• [Required action] What you produce should be the lines from the line containing "Figure 13.9-23 If" through the last line below, both ends included, reproduced exactly and without pictures.

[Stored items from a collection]
----------------------------------------
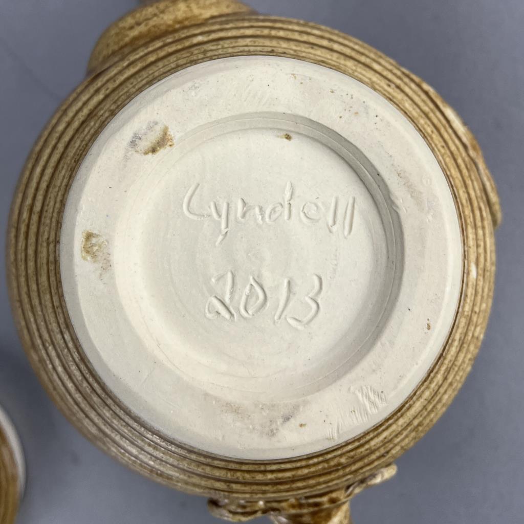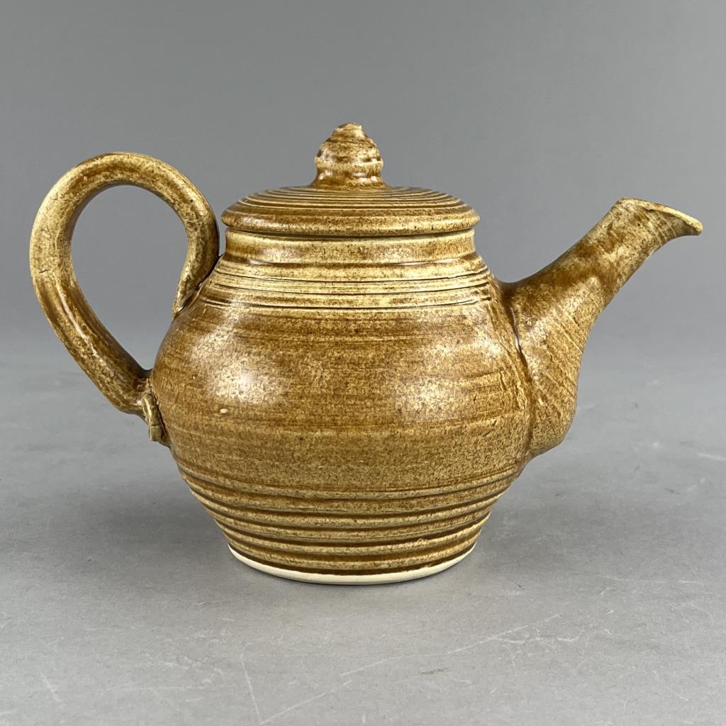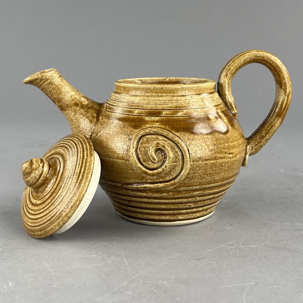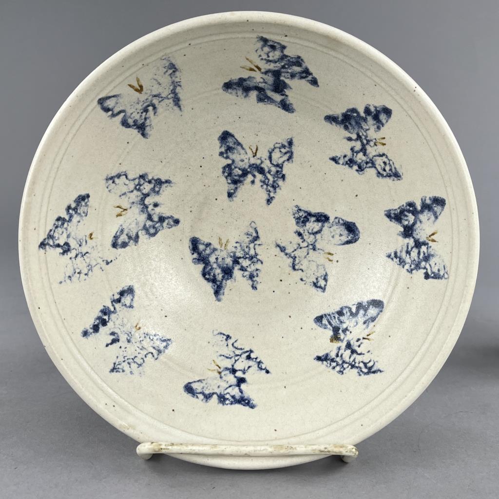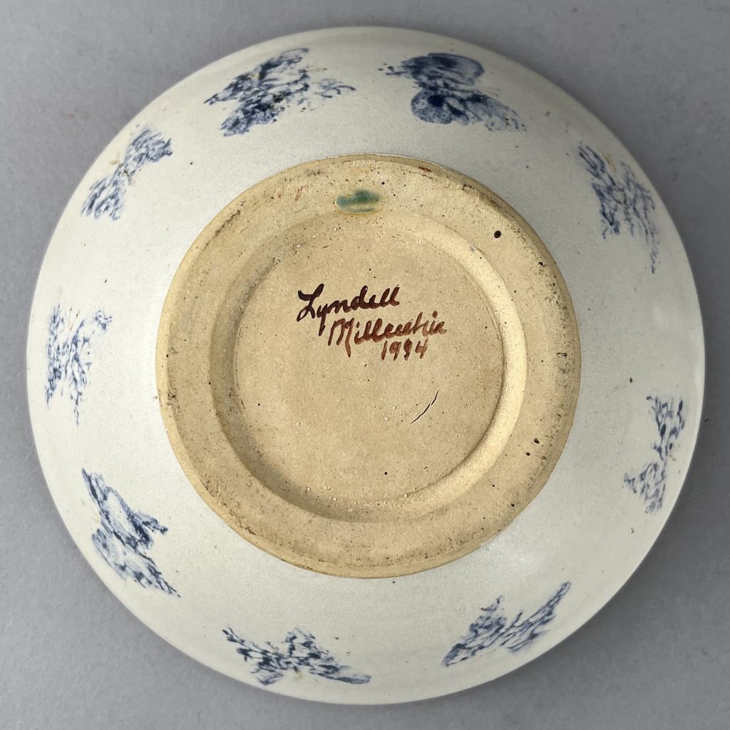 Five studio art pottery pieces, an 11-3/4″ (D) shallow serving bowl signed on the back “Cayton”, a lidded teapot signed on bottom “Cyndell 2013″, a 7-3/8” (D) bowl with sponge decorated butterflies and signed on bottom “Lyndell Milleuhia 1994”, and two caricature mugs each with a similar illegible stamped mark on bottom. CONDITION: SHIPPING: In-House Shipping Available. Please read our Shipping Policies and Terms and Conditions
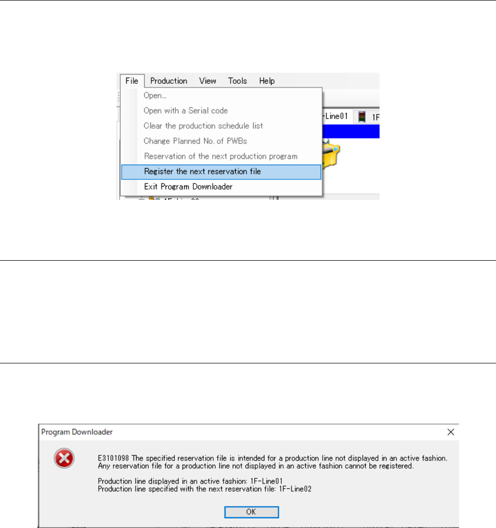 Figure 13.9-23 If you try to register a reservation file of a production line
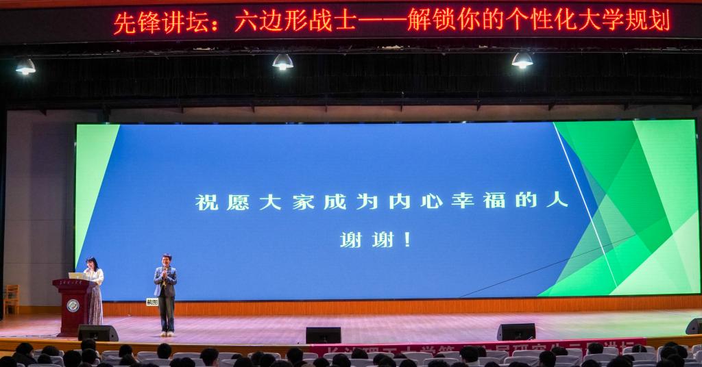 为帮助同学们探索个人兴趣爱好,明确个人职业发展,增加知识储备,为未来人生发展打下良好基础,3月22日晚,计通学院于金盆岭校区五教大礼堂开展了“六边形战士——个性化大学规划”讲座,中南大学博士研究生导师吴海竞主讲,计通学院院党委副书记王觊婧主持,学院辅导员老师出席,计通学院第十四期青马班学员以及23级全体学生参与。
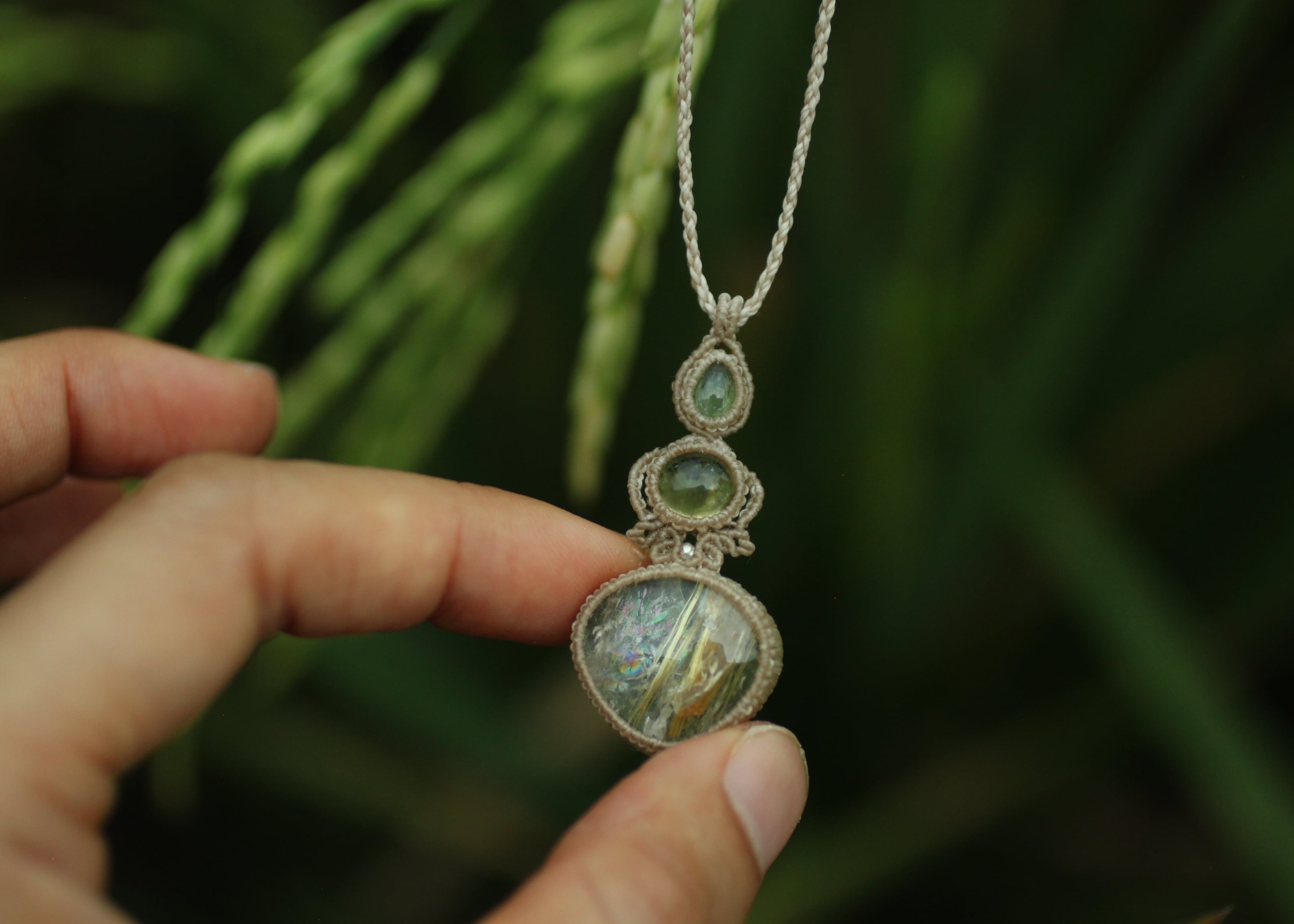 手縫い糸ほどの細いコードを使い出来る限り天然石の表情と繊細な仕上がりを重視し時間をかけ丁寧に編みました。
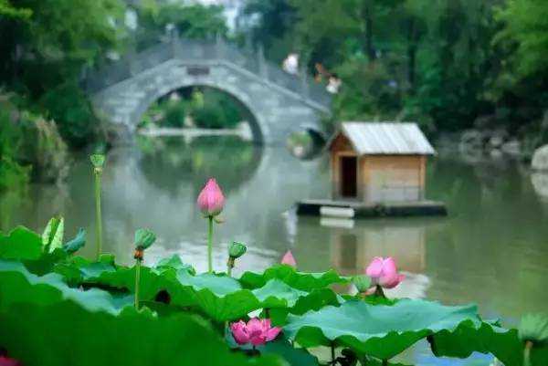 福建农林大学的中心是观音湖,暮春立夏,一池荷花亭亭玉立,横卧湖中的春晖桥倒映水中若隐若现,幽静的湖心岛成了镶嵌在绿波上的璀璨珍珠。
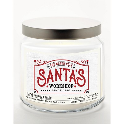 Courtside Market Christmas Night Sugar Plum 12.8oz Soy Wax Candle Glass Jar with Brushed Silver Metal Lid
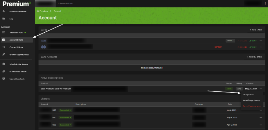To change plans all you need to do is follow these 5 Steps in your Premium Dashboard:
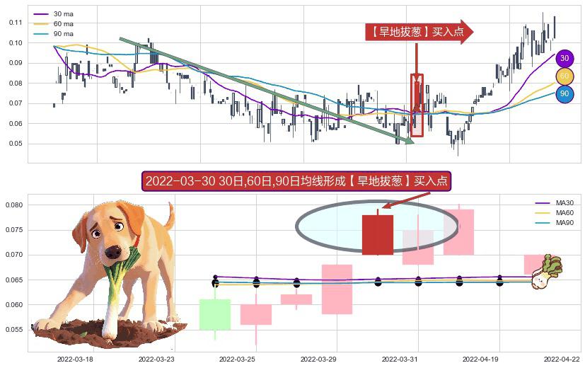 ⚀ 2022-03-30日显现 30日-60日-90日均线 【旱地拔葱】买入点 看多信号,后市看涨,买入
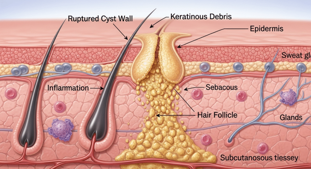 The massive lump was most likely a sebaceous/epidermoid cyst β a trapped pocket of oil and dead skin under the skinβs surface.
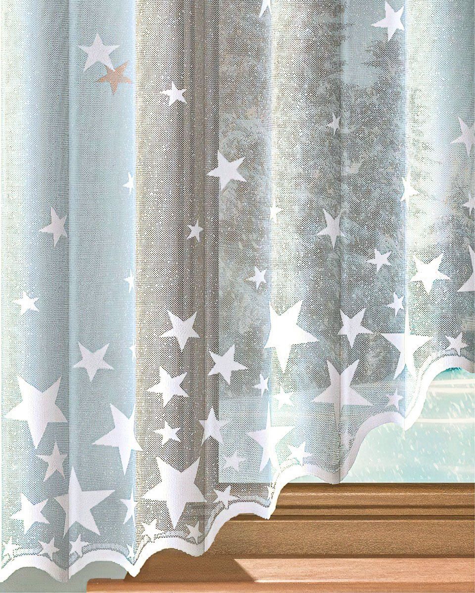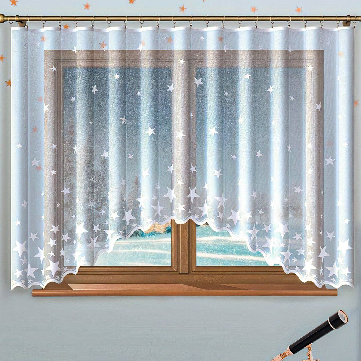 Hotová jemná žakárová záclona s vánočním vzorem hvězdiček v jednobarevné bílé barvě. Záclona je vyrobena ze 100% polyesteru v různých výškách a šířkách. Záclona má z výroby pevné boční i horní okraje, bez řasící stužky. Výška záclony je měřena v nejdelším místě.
----------------------------------------
• [Response area]
 Figure 13.9-23 If you try to register a reservation file of a production line
 为帮助同学们探索个人兴趣爱好,明确个人职业发展,增加知识储备,为未来人生发展打下良好基础,3月22日晚,计通学院于金盆岭校区五教大礼堂开展了“六边形战士——个性化大学规划”讲座,中南大学博士研究生导师吴海竞主讲,计通学院院党委副书记王觊婧主持,学院辅导员老师出席,计通学院第十四期青马班学员以及23级全体学生参与。
 手縫い糸ほどの細いコードを使い出来る限り天然石の表情と繊細な仕上がりを重視し時間をかけ丁寧に編みました。
 福建农林大学的中心是观音湖,暮春立夏,一池荷花亭亭玉立,横卧湖中的春晖桥倒映水中若隐若现,幽静的湖心岛成了镶嵌在绿波上的璀璨珍珠。
 Courtside Market Christmas Night Sugar Plum 12.8oz Soy Wax Candle Glass Jar with Brushed Silver Metal Lid
To change plans all you need to do is follow these 5 Steps in your Premium Dashboard:
 ⚀ 2022-03-30日显现 30日-60日-90日均线 【旱地拔葱】买入点 看多信号,后市看涨,买入
 The massive lump was most likely a sebaceous/epidermoid cyst β a trapped pocket of oil and dead skin under the skinβs surface.
 Hotová jemná žakárová záclona s vánočním vzorem hvězdiček v jednobarevné bílé barvě. Záclona je vyrobena ze 100% polyesteru v různých výškách a šířkách. Záclona má z výroby pevné boční i horní okraje, bez řasící stužky. Výška záclony je měřena v nejdelším místě.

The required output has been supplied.